RECORDED DATA:

++++++++++++++++++++

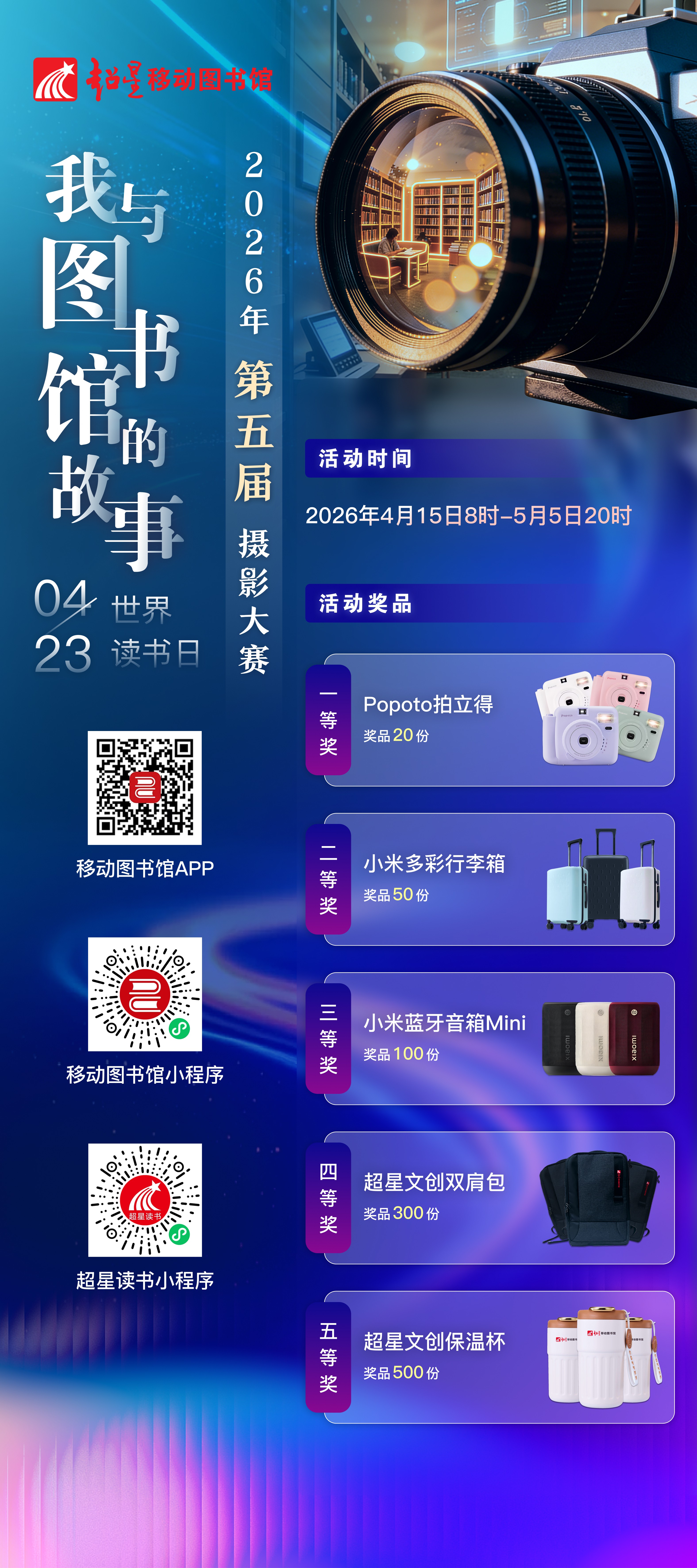 为鼓励广大师生走进图书馆、感受图书馆,值此世界读书日来临之际,现组织学生参加第五届“最美图书馆”超星移动图书馆摄影大赛。活动以“我与图书馆的故事”为主题,向广大师生征集摄影作品,旨在用镜头定格那些温暖而动人的阅读瞬间,记录读者与图书馆的故事,展现图书馆的独特魅力,记录阅读时光,传承文化薪火。
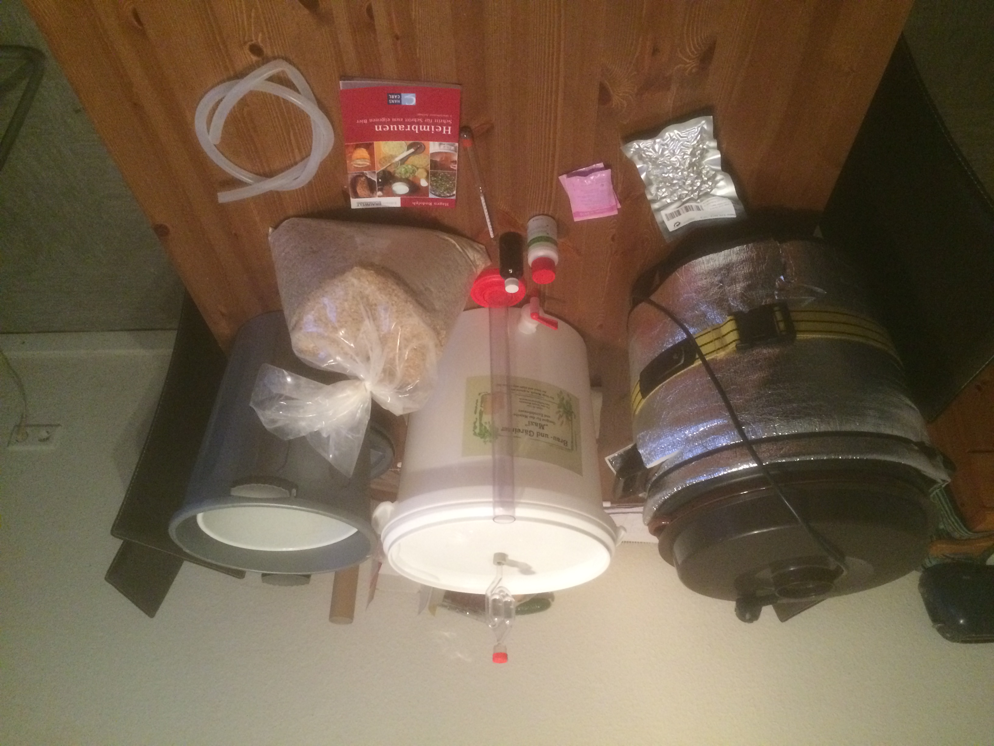 Schon vorher hatte ich mir das Anfängerbuch von Hagen Rudolph bestellt und durchgelesen (das nächste Buch wird wohl das von Herrn Hanghofer). Aus diesem Buch habe ich das Pilsener-Rezept übernommen. Auch wenn ich hier im Forum mehrfach gelesen hatte, das Pils nicht gerade das ideale Anfängerbier ist, wollte ich es trotzdem versuchen. Ich dachte bei einem Pils kann ich das Endprodukt besser vergleichen, als bei Bieren, die ich noch nie getrunken habe.
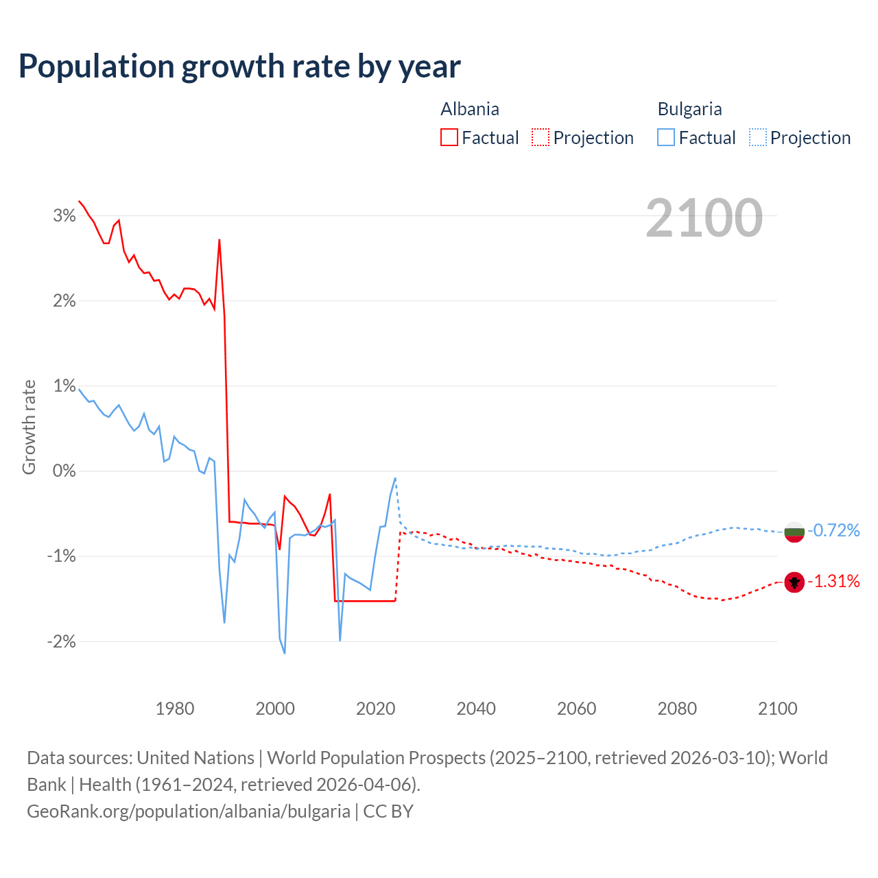 - For the last 10 years, Albania has had an average growth rate of -1.53% per year vs -0.96% in Bulgaria.
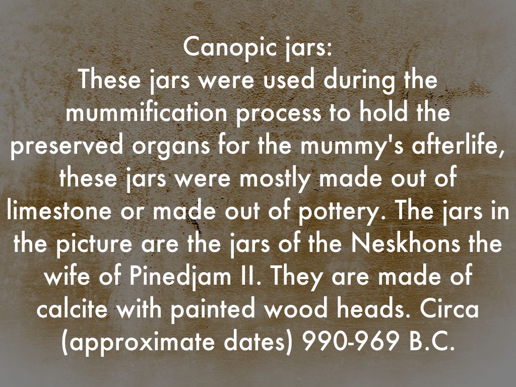 Canopic jars: These jars were used during the mummification process to hold the preserved organs for the mummy's afterlife, these jars were mostly made out of limestone or made out of pottery. The jars in the picture are the jars of the Neskhons the wife of Pinedjam II. They are made of calcite with painted wood heads. Circa (approximate dates) 990-969 B.C.

++++++++++++++++++++

WHAT TO WORK ON: The expected answer is the whole listing above, copied exactly, with images excluded.

PROBLEM SOLUTION:
 为鼓励广大师生走进图书馆、感受图书馆,值此世界读书日来临之际,现组织学生参加第五届“最美图书馆”超星移动图书馆摄影大赛。活动以“我与图书馆的故事”为主题,向广大师生征集摄影作品,旨在用镜头定格那些温暖而动人的阅读瞬间,记录读者与图书馆的故事,展现图书馆的独特魅力,记录阅读时光,传承文化薪火。
 Schon vorher hatte ich mir das Anfängerbuch von Hagen Rudolph bestellt und durchgelesen (das nächste Buch wird wohl das von Herrn Hanghofer). Aus diesem Buch habe ich das Pilsener-Rezept übernommen. Auch wenn ich hier im Forum mehrfach gelesen hatte, das Pils nicht gerade das ideale Anfängerbier ist, wollte ich es trotzdem versuchen. Ich dachte bei einem Pils kann ich das Endprodukt besser vergleichen, als bei Bieren, die ich noch nie getrunken habe.
 - For the last 10 years, Albania has had an average growth rate of -1.53% per year vs -0.96% in Bulgaria.
 Canopic jars: These jars were used during the mummification process to hold the preserved organs for the mummy's afterlife, these jars were mostly made out of limestone or made out of pottery. The jars in the picture are the jars of the Neskhons the wife of Pinedjam II. They are made of calcite with painted wood heads. Circa (approximate dates) 990-969 B.C.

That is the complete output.